Ah . . . back from vacation.  Ready for the new year that lies ahead.  I am really excited about the coming year.  It is going to be a great year as we learn together more and more what it really means to love God and love others and then do it.  That of course is the key.  For us to merely learn about it does us no good if we don’t actually start doing it.  So, anyway, vacation was very good.  Spent some time in Lancaster with friends.  Did some fishing with the kids (Alyssa caught a huge largemouth bass) and a lot of bike riding.  After that we went over to NJ and stayed with my mom for a week.  More bike riding, hanging with my brother, Matt and my new sister-in-law, Amy and visiting with friends.  On Sunday the 24th we went to the church I grew up in, First Baptist Church of Toms River.  So much has changed and so much remains the same.  As I was flipping through the bulletin, I came across a devotional or letter that the pastor writes each week to the congregation.  I recognized the person being spoken of in the illustration.  It was my mother.  She had just told me about the incident and that she told the pastor.  What was written was so well done that I wanted to share part of it with all of you and challenge you to think hard about it, meditate on it, search your soul and listen to what the Holy Spirit is saying to your heart.

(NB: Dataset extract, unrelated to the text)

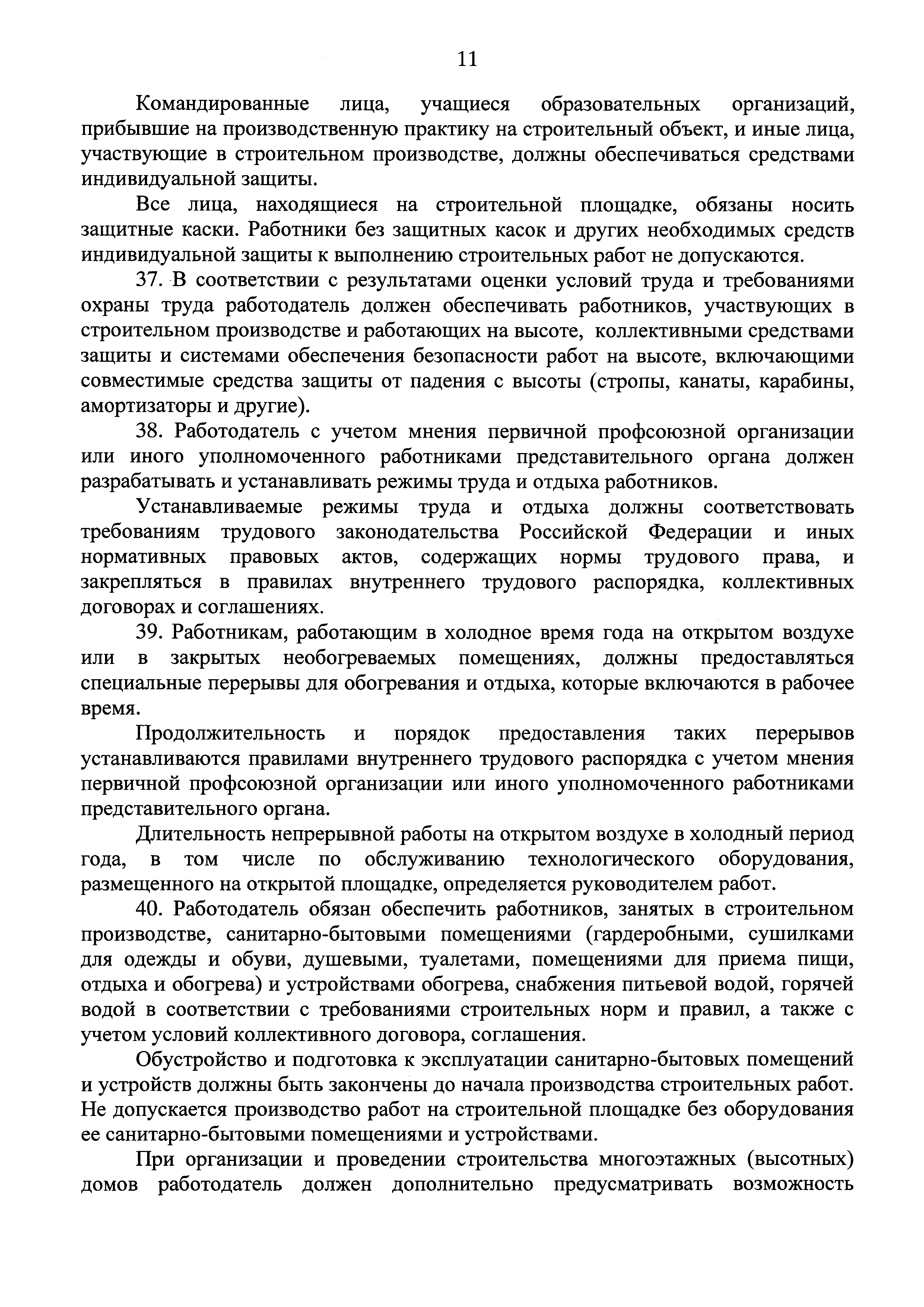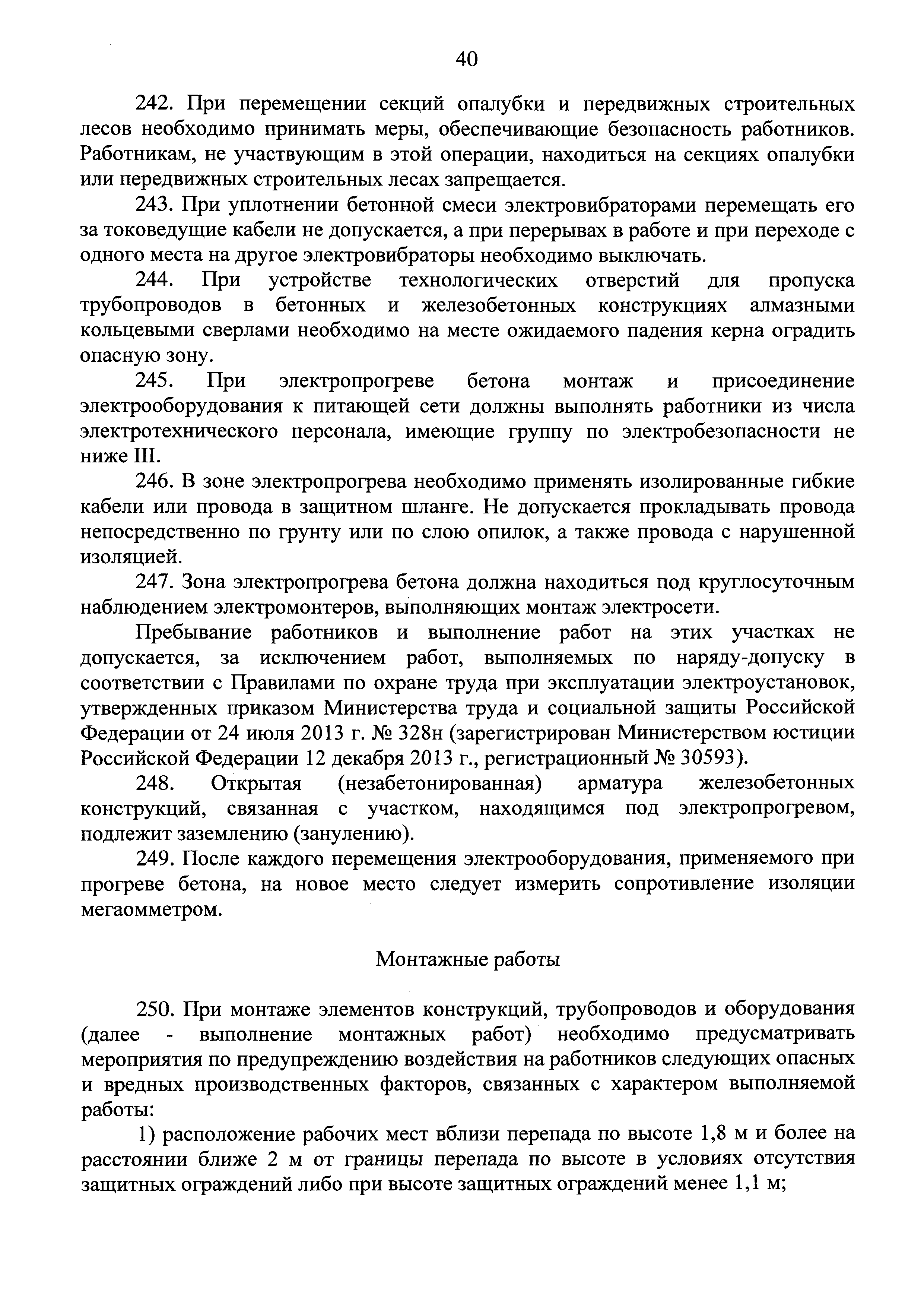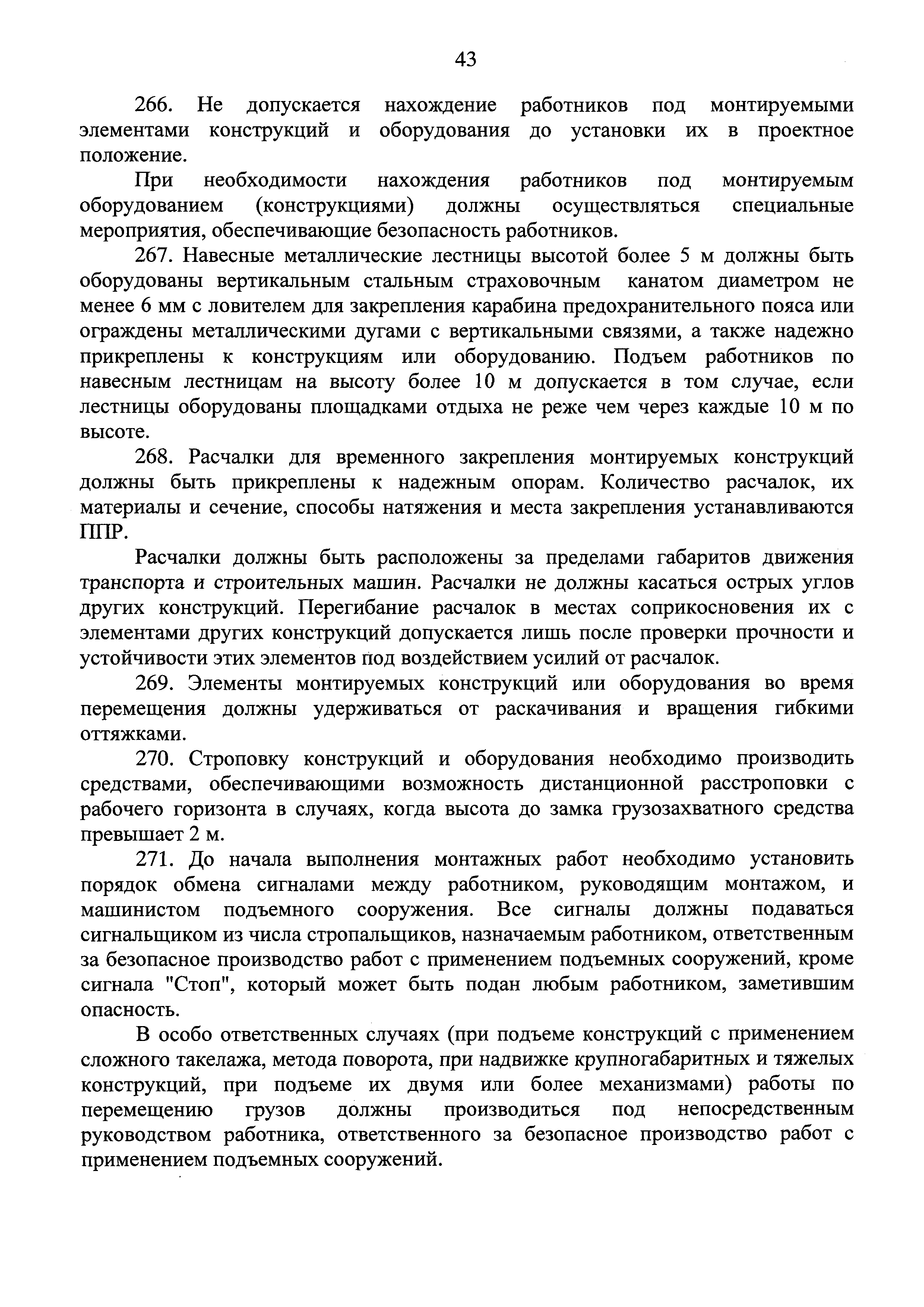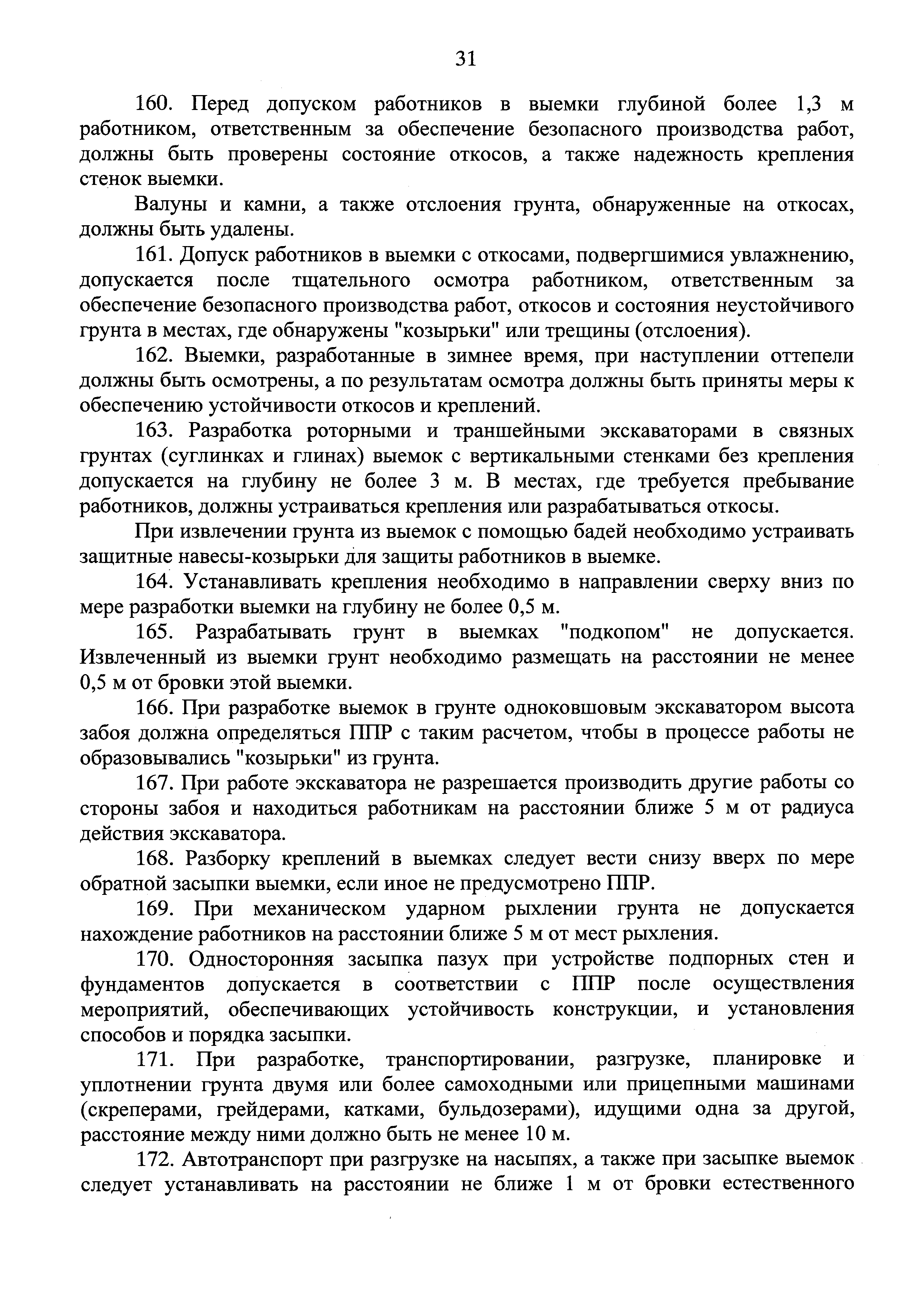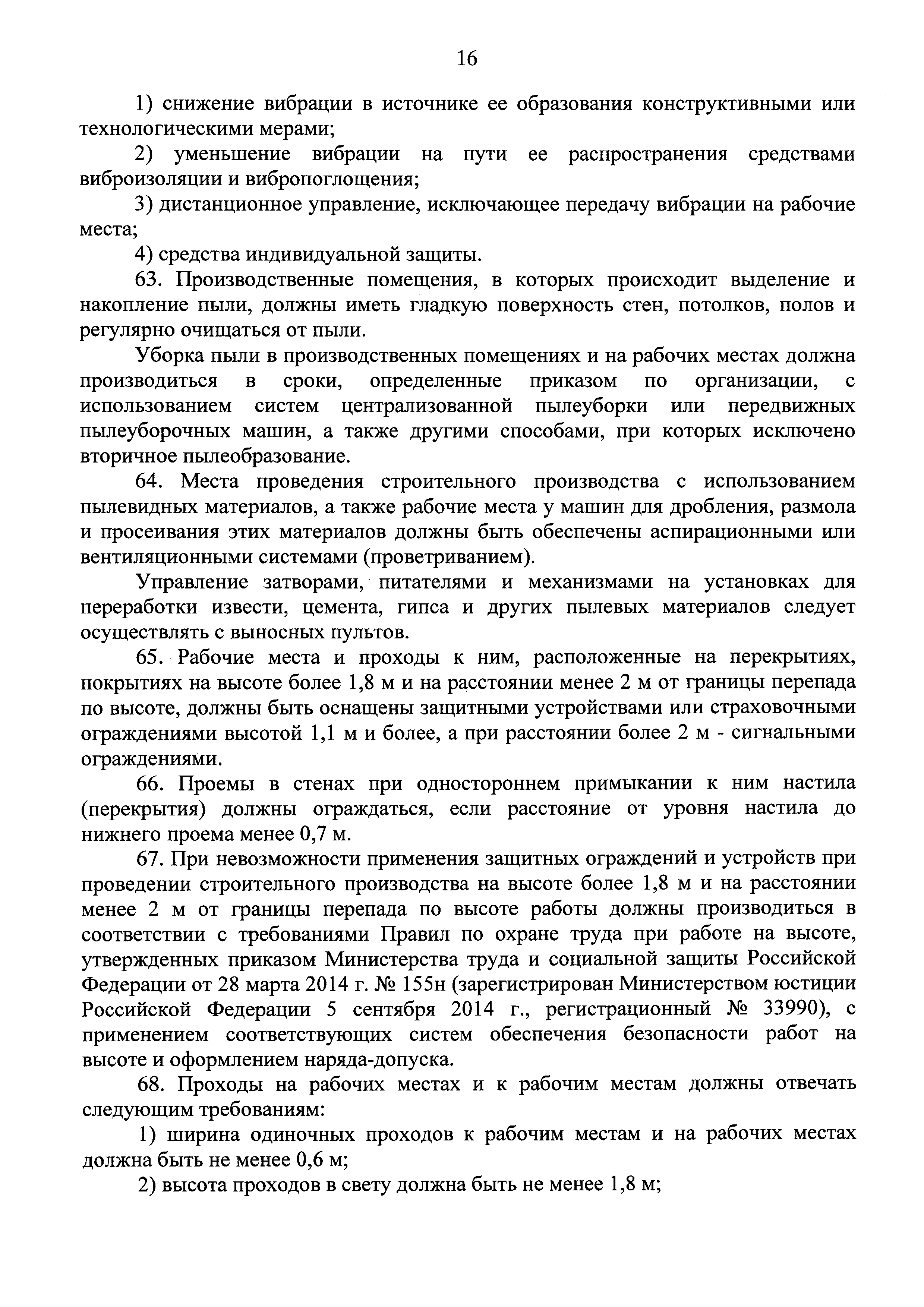 Правила по охране труда в строительстве| Статус: | действует | | Название рус.: | Правила по охране труда в строительстве | | Дата добавления в базу: | 12.02.2016 | | Дата актуализации: | 01.01.2021 | | Дата введения: | 28.08.2015 | | Область применения: | Правила по охране труда в строительстве устанавливают государственные нормативные требования охраны труда при проведении общестроительных и специальных строительных работ, выполняемых при новом строительстве, расширении, реконструкции, техническом перевооружении, текущем и капитальном ремонте зданий и сооружений | | Оглавление: | I. Общие положения II. Требования охраны труда при организации проведения работ (производственных процессов) в строительном производстве III. Требования охраны труда, предъявляемые к производственным территориям (помещениям, площадкам и участкам работ) и организации рабочих мест IV. Требования охраны труда при проведении производственных процессов и эксплуатации технологического оборудования в строительном производстве V. Требования охраны труда, предъявляемые к транспортированию (перемещению) и хранению строительных конструкций, материалов, заготовок и отходов строительного производства Приложение № 1. Акт-допуск для производства строительно-монтажных работ на территории действующего производственного объекта Приложение № 2. Наряд-допуск на производство работ в местах действия вредных и опасных производственных факторов Приложение № 3. Акт о соответствии выполненных внеплощадочных и внутриплощадочных подготовительных работ требованиям безопасности труда и готовности объекта к началу строительства Приложение № 4. Крутизна откосов в зависимости от вида грунта | | Утверждён: | 01.06.2015 Министерство труда и социальной защиты РФ (336н)

Many of us now have the benefit of GPS navigation tools in our cars.  One of the women in our church told me this week that her son gave her a GPS unit for her car.  She listens to the directions when she is comfortable with them, and does her own thing when she is not sure about the GPS directions.

It occurred to me that her response to GPS is much like our response to God and His Word.  When biblical instruction is comfortable to us, we have no problem obeying.  When the Bible pulls us out of our comfort zone, we often choose our own way over God’s way.

I wonder if God’s people will ever learn the simple practice of godly obedience.  What will God need to do in our lives to bring us to the place of responding “yes” to everything God says?  In our brokenness, we still believe that we know better than God does.  I wonder if we know the danger we bring to our lives by thinking this way.  Where might you and I be living as though we are smarter than God?  If we were to choose simple and complete obedience to God, what must change?  (Pastor John Strain)

 How will you answer those questions?